Про обезглавленный труп в овраге она вспоминала с содроганием. Примечательно было то, что об этой страшной находке в сводке даже не упоминалось. Это Катю насторожило: отчего это? К чему такие тайны? Она чувствовала: что-то происходит. И Кощеевка – не начало, а лишь продолжение каких-то событий, о которых она не имеет ни малейшего представления.

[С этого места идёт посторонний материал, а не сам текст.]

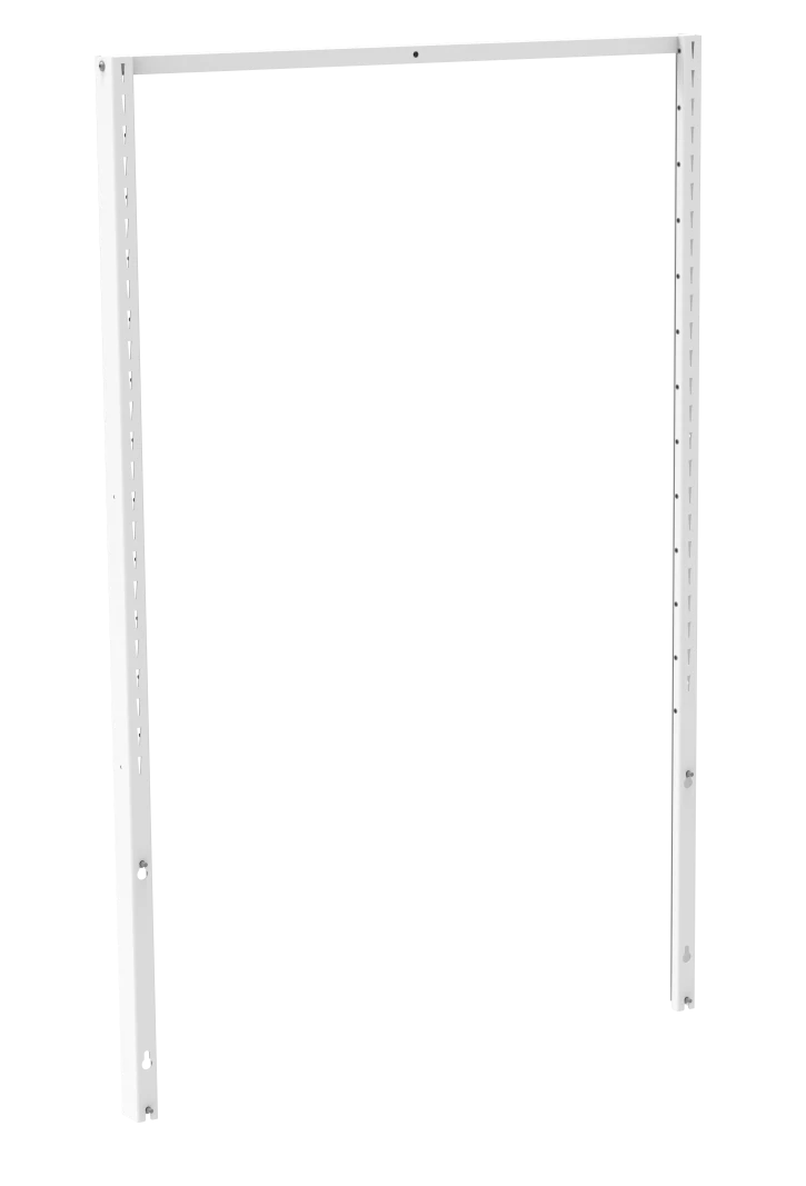 Fabricado em chapa metálica com 2,0 mm de espessura, o suporte garante uma elevada durabilidade e resistência a danos, mesmo sob utilização intensa. Equipado com recortes para montagem espaçados a cada 50 mm, permite a instalação flexível de painéis perfurados e outros acessórios.

В который уж раз она скрупулезно проштудировала толстый том сводок, начиная с марта. Когда обычно на свет божий и появляются «подснежники« – неопознанные трупы различных сроков давности. Трупы были, однако никаких указаний на то, что какой-то из них найден обезглавленным, Кате так и не удалось разыскать. Но это тоже еще ничего не означало. В сводке эту важную подробность могли и намеренно опустить, потому что…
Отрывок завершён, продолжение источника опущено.